EXERCISE PROMPT:
From the line containing "Hermès 25cm Kelly" to the line containing "День добрый,Путин уволил: МЧС" in the entries below, reproduce every line exactly, ends included. Nothing else belongs in the copy, and no pictures.
====== SUPPLIED RECORDS
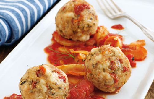 Pizzaknödel mit Fenchel-Tomatensauce Zutaten 200 g Weißbrot oder Brötchen 150 ml Sojamilch 3 EL Hefeflocken 1 EL Sojamehl Salz 6 Zweige mediterrane Kräuter (Rosmarin, Salbei, Thymian; ersatzweise je 1 TL getrockneter Thymian und Rosmarin) 200 g Räuchertofu 150 g getrocknete Tomat [...]
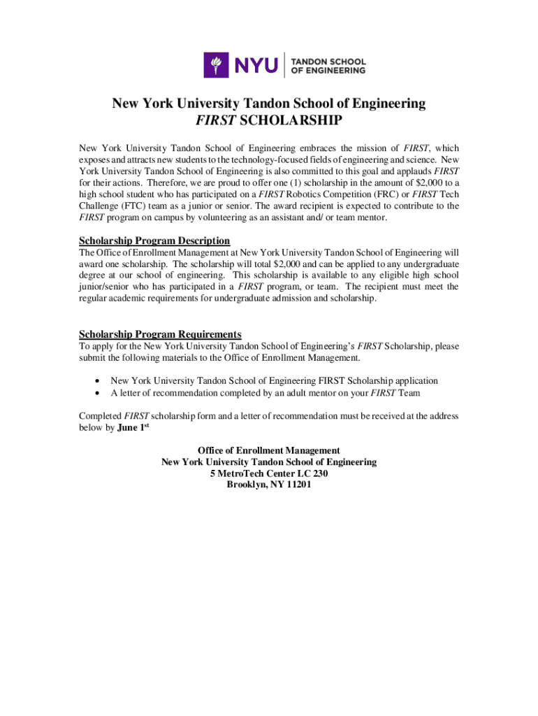 New York University Tendon School of Engineering FIRST SCHOLARSHIP New York University Tendon School of Engineering embraces the mission of FIRST, which exposes and attracts new students to the technology
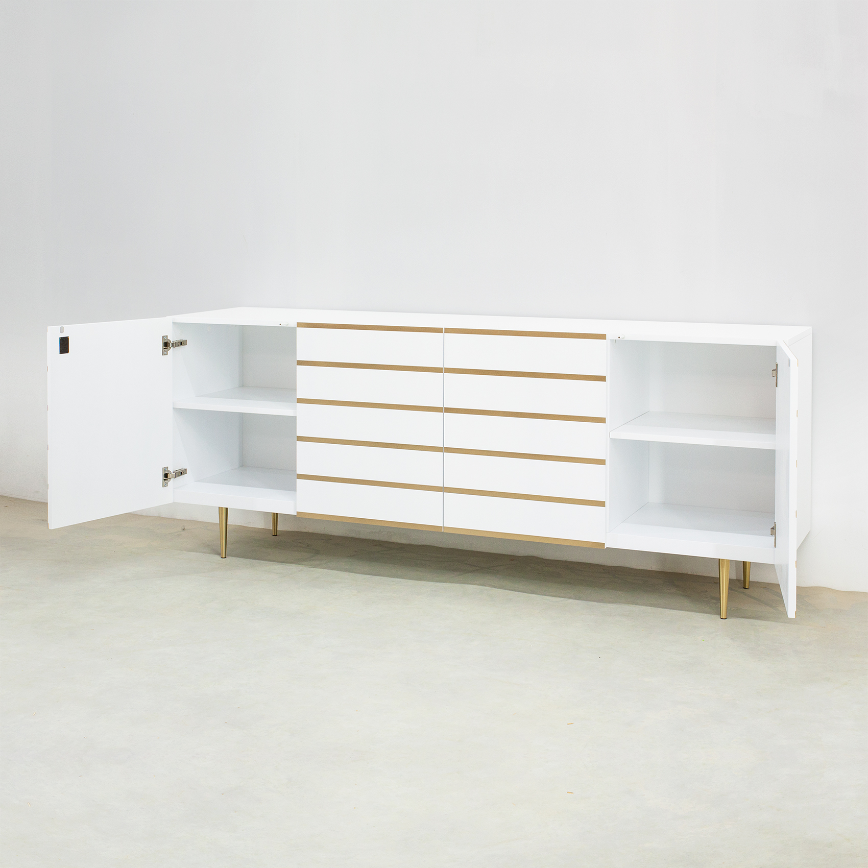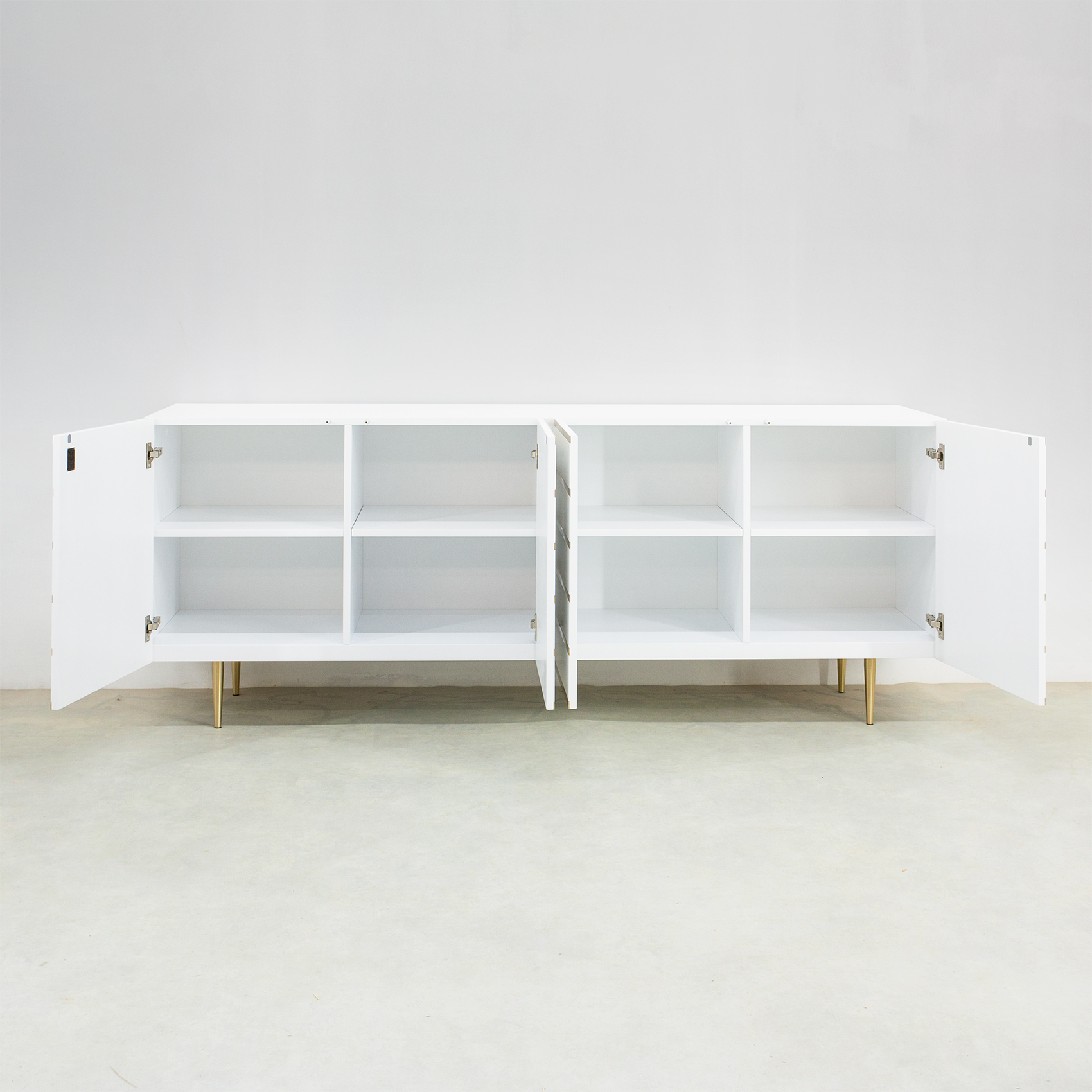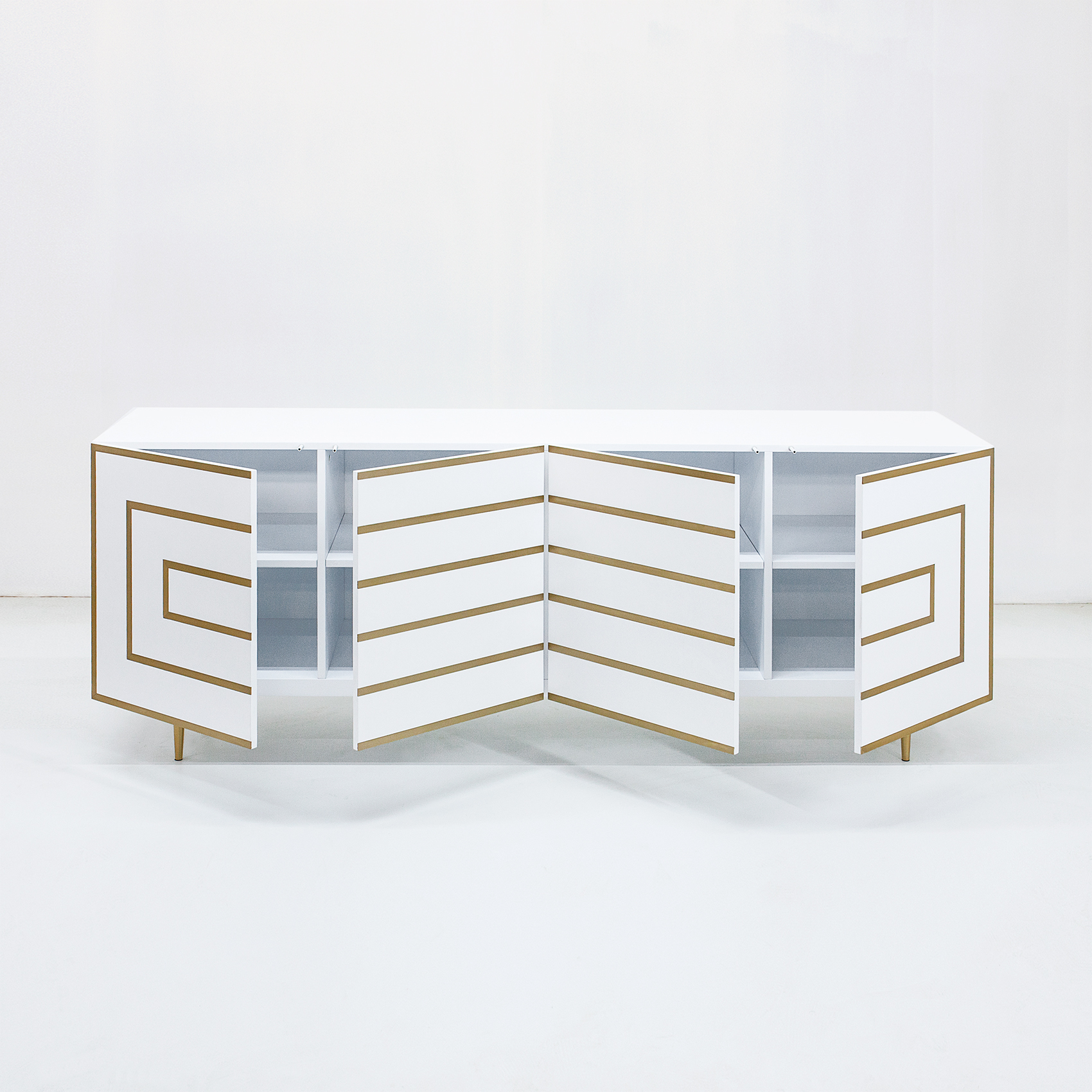 Роскошное сочетание белой эмали и декора из латуни. Материалы: МДФ, белая эмаль, декор из латуни, фурнитура - петли с механизмом tip-on. Конфигурация: 4 двери (полки) Изделие поставляется в собранном виде.
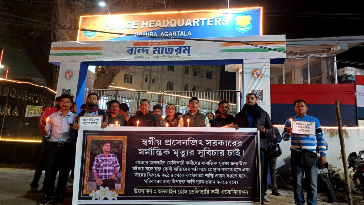 আগরতলা :প্রসেনজিৎ সরকারের মৃত্যুর ঘটনায় সুষ্ঠু তদন্ত ও দোষীদের দৃষ্টান্তমূলক শাস্তির দাবিতে ধর্মনগর থানায় শ্রমিক মনিটরিং সেলের নেতৃত্ব!ডেলিভারি কর্মী প্রসেনজিৎ সরকারের অস্বাভাবিক মৃত্যুর ঘটনায় সোমবার ধর্মনগরে এসে ধর্মনগর থানার অফিসার ইনচার্জ মীনা দেববর্মার সঙ্গে সাক্ষাৎ করেন ত্রিপুরা রাজ্য মজদুর মনিটরিং সেলের নেতৃত্ব।
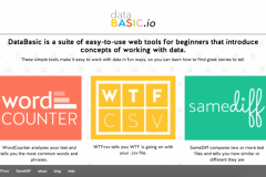 Databasic.io is a set of four online & mobile software tools and learning activities to introduce data science to youth, adult residents and civic professionals. It’s free and open source – http://databasic.io. They introduce newcomers to exploratory data analysis, quantitative text analysis and network analysis. The tools are free, open source, and available in 5 languages.
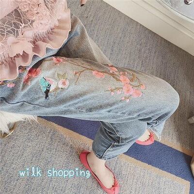 デニムパンツ レディース スキニー 刺繍 花柄 スリット ボトムス ジーンズ ストレッチ 伸びる 細身 アンクル丈 美脚 カジュアル スリム 薄手 秋
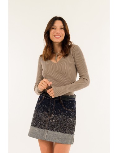 Linhas essenciais e refinadas para uma peça de vestuário que abraça a forma com delicadeza. O decote em V profundo realça a feminilidade, enquanto o tecido canelado confere conforto e classe. Perfeito para looks sofisticados e versáteis, para usar todos os dias com elegância.
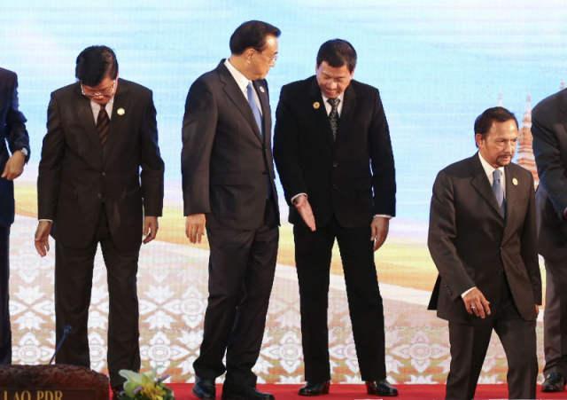 不过,各界最为关注的,还是此前一天下午的东盟-中日韩(10+3)领导人会议前后,李克强与菲律宾总统杜特尔特的两次过道交流。会前的领导人合影环节结束后,杜特尔特穿过多位参会领导人来到李克强身边握手,随后又伸出左手“请”李克强总理先走。会议结束后,两位领导人在会场内再次进行了简短寒暄。
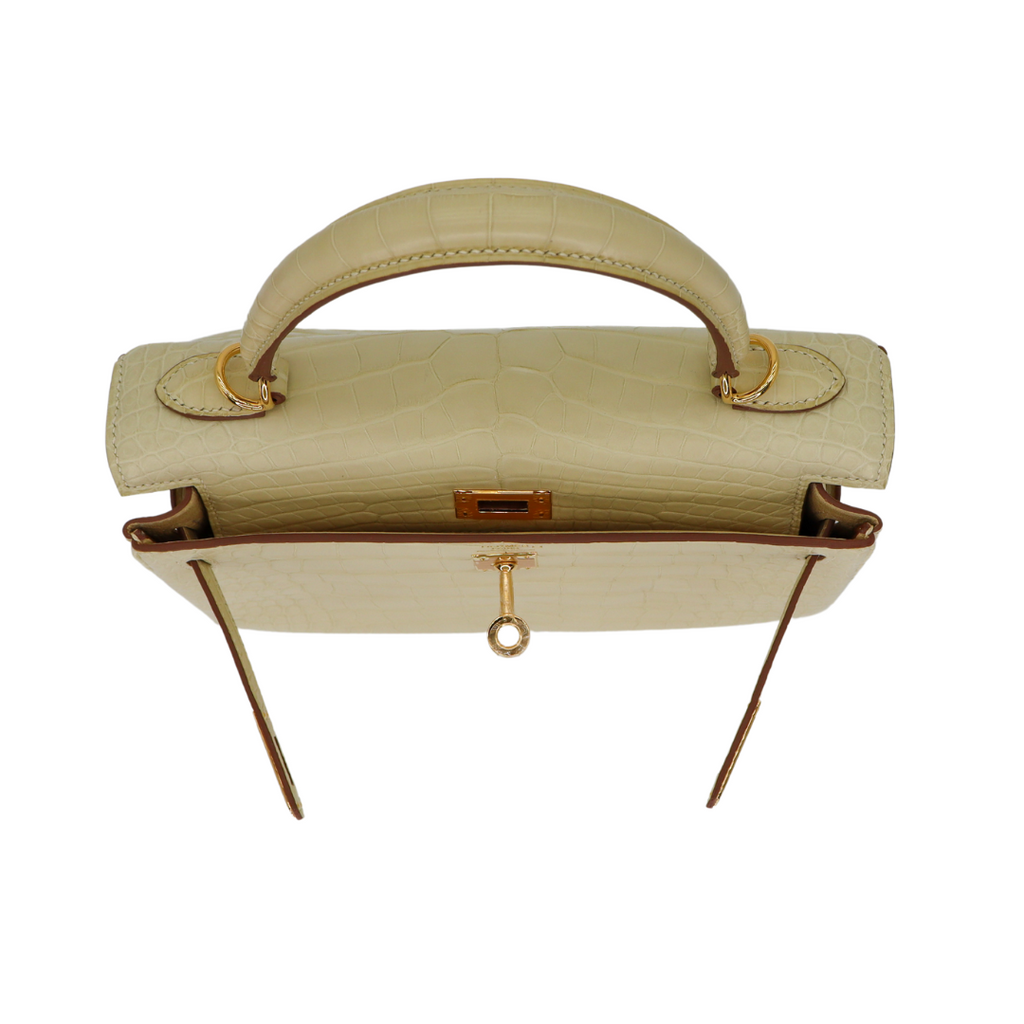 Hermès 25cm Kelly Retourne Vanille Matte Alligator Gold Hardware
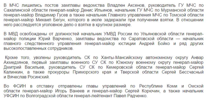 День добрый,Путин уволил: МЧС России по Томской области Михаил Бегун, ГУМЧС по Мурманской области Владимир Гусев , ГУМЧС по Сахалинской области Денис Ильинов, МЧС Владлен Аксенов, Начальник УМВД по Брянской области Валентин Кузьмин,главу департамента информационных технологий, связи и защиты информации МВД Сергея Ляшенко,руководителя УМВД по Ульяновской области Юрия Варченко,замначальника ГУМВД по Саратовской области Андрея Бойко,замглавы ГУМВД по Кемеровской области Игоря Коршунова и замруководителя ГУМВД по Нижегородской области Григория Ткаченко.
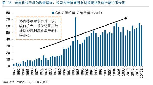 需求层面,鸡肉消费增加倒逼祖代鸡产能增长。2014 年和 2015 年全球肉鸡生产量分别为 8607 万吨和 8739 万吨,同比分别增长 1.82%和 1.53%;全球鸡肉总消费量分别为9542 万吨和 9651 万吨,同比分别增长 2.34%和 1.14%。禽类产品下游需求的增加客观上需要上游产能的增长与之匹配,由此推断未来祖代鸡产能将保持增长态势。 技术门槛+利益需求限制增量 我们判断,尽管从趋势上看,全球祖代鸡的产能是呈上升态势,但是其增量则表现出下降趋势,主要原因如下: (1)技术门槛限制产能扩张速度。一方面,由于祖代鸡育种具有一定的专业性,在场地、温度、饲料、疫病控制等方面有较严格的技术要求,随着育种技术的进步和产能的不断扩张,祖代鸡生产性能的优化难度加大,因此产能增长空间有限;另一方面,行业龙头已经凭借技术上的先发优势占领市场,其产能规模相对较大,继续快速扩张的成本提升,边际收益下降,由此造成祖代鸡产能增速放缓。 (2)利益需求抑制产能扩张积极性。由前文分析可知,世界三大家禽育种公司分享了整个市场 97%的利润,在此背景下,公司维持高额垄断利润的利益需求致使其增量扩产的动力不足。除此之外,从终端需求方面看,鸡肉消费的增速从 2010 年的 5.64%下降到 2015 年的 1.14%,肉鸡产量的增速从 2011 年的 4%下降到 2015 年的 1.53%,禽类产品消费需求的增速放缓挤压祖代鸡产能放量上升空间。 中国祖代鸡面临引种缺口 通过分析过去历年祖代鸡引种量,可以看出,中国祖代鸡引种量的变动受禽流感疫情影响较大。近 5 年在行业周期波动和美法等国禽流感疫情频发的双重因素作用下,祖代鸡引种量持续下滑,我们预计,16 年中国祖代鸡引种缺口将超过 70 万套,在考虑强制换羽的情况下,缺口约为 54 万套。 总结历史:祖代鸡引种量受禽流感疫情持续影响 整体上,中国祖代鸡引种量呈上升趋势,从 1997 年的 64 万套上升到 2014 年的 119 万套,增长 86%,但在禽流感疫情大规模爆发的年份,引种量则出现明显下滑。近两年,在美英法等国的禽流感疫情爆发频繁的影响下,中国祖代鸡引种量出现明显下滑,预计15、16 年分别为 70 万套和 30 万套。 |
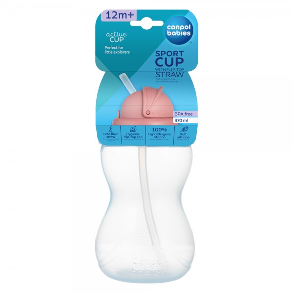 Praktická športová fľaša s objemom 370 ml bola navrhnutá tak, aby deti boli stále hydratované pri hre, učení a dobrodružstvách na čerstvom vzduchu alebo v škôlke. Skvelá voľba pre batoľatá, ktoré už vedia samostatne piť a deti chodiace do škôlky. Mäkká siliknová slamka s voľným prietokom je šetrná k citlivým ďasnám dieťaťa. Športová fľaša je vyrobená z nerozbitného a bezpečného plastu. Je ľahká a odolná proti poškodeniu. Tvar fľaše uľahčuje držanie v detských rukách a veľký otvor uľahčuje plnenie a umývanie. Určené pre studené nápoje alebo nápoje izbovej teploty. Možno ho umývať v umývačke riadu a ohrievať v mikrovlnnej rúre. Fľaša sa otvára a zatvára rýchlo a ľahko. Uzavretá športová fľaša je tesná a netečie. Špeciálny úchyt umožňuje pripevnenie na kočík alebo pás. Športová fľaša Canpol babies so silikónovou slamkou skvele podporí dieťa na pitie vody a rozvoj správnych návykov.Vlastnosti:- Silikónová slamka s voľným prietokom.- Ideálne pre batoľatá a deti do škôlky.- Skladacia slamka a pevné zatváranie.- Úchyt - je možné pripevniť napr. ku kočíku.- Vhodné do umývačky a mikrovlnnej rúry (iba fľaša).- Náhradné slamky nájdete pod číslom 56/106 v oddiele cumlíky a náuskty.Doplňujúce informácie:- Kapacita: 370ml- Slamka nie je určená pre deti do 6 mesiacov.- Športovú fľašu je možné umývať v umývačke riadu. Slamka sa neodporúča vkladať do umývačky riadu. Tvrdé chemikálie / detergenty môžu výrobok poškodiť.- Športovú fľašu je možné použiť v mikrovlnnej rúre.- Nie je vhodná na dezinfekciu a vyváranie.- Výrobok nie je vhodný do parného sterilizátora.Tvrdá voda, ovocná šťava alebo čaj môžu zanechávať škvrny na slamke alebo vytvárať vodný kameň, ktorý nemení jej vlastnosti. Husté tekutiny (napr. ovocné kaše) môžu upchať slamku. Športová fľaša nie je určená na podávanie horúcich alebo sýtených tekutínZ bezpečnostných a zdravotných dôvodov sa odporúča vymeniť slamku max. po 3 mesiacoch používania.Ako používať:Udržujte výrobok čistý. Pred prvým použitím výrobok rozoberte a vyčistite a potom vložte súčasti na 5 minút do vriacej vody. Ide o zaistenie hygieny. Pred prvým a každým použitím umyte všetky časti teplou vodou a jemným čistiacim prostriedkom, dobre opláchnite teplou vodou. Zalejte vriacou vodou. Pri čistení nepoužívajte ostré alebo abrazívne materiály. Po každom použití očistite športovú fľašu a slamku od zvyškov tekutín, opláchnite a dôkladne umyte vo vode. Všetky časti dôkladne umyte čistou vodou, vrátane oblastí, ktoré môžu byť neviditeľné, ale kadiaľ prešli potraviny, aby ste odstránili prípadné zvyšky jedla.Pri ohrievaní nápojov v mikrovlnnej rúre sa uistite, že je športová fľaša otvorená. Pri ohrievaní v mikrovlnnej rúre buďte obzvlášť opatrní. Ohriate potraviny vždy miešajte, aby sa zaistilo rovnomerné rozloženie teploty. Zahrievanie v mikrovlnnej rúre môže spôsobiť lokálne vysokú teplotu. Pred kŕmením vždy skontrolujte teplotu jedla. Nevkladajte výrobok do horúcej rúry ani nezahrievajte v plynovom/elektrickom sporáku.Pred každým použitím starostlivo skontrolujte. Pri prvých známkach poškodenie alebo opotrebenie vyhoďte.Nenechávajte svoje dieťa počas kŕmenia bez dozoru.
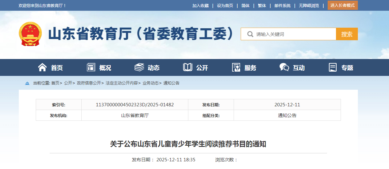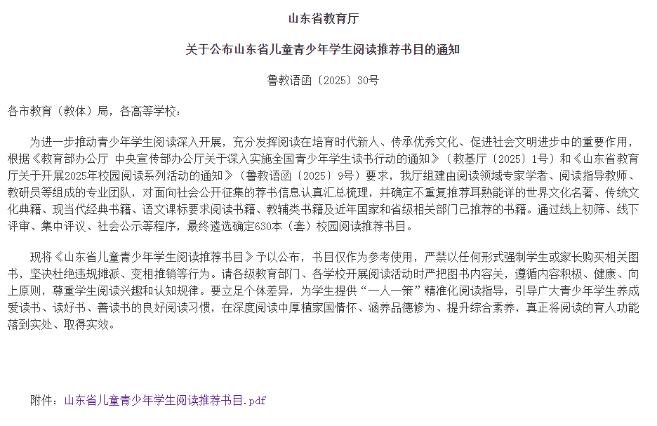 山东省教育厅:关于公布山东省儿童青少年学生阅读推荐书目的通知
============
TASK ANSWER:
 Hermès 25cm Kelly Retourne Vanille Matte Alligator Gold Hardware
 День добрый,Путин уволил: МЧС России по Томской области Михаил Бегун, ГУМЧС по Мурманской области Владимир Гусев , ГУМЧС по Сахалинской области Денис Ильинов, МЧС Владлен Аксенов, Начальник УМВД по Брянской области Валентин Кузьмин,главу департамента информационных технологий, связи и защиты информации МВД Сергея Ляшенко,руководителя УМВД по Ульяновской области Юрия Варченко,замначальника ГУМВД по Саратовской области Андрея Бойко,замглавы ГУМВД по Кемеровской области Игоря Коршунова и замруководителя ГУМВД по Нижегородской области Григория Ткаченко.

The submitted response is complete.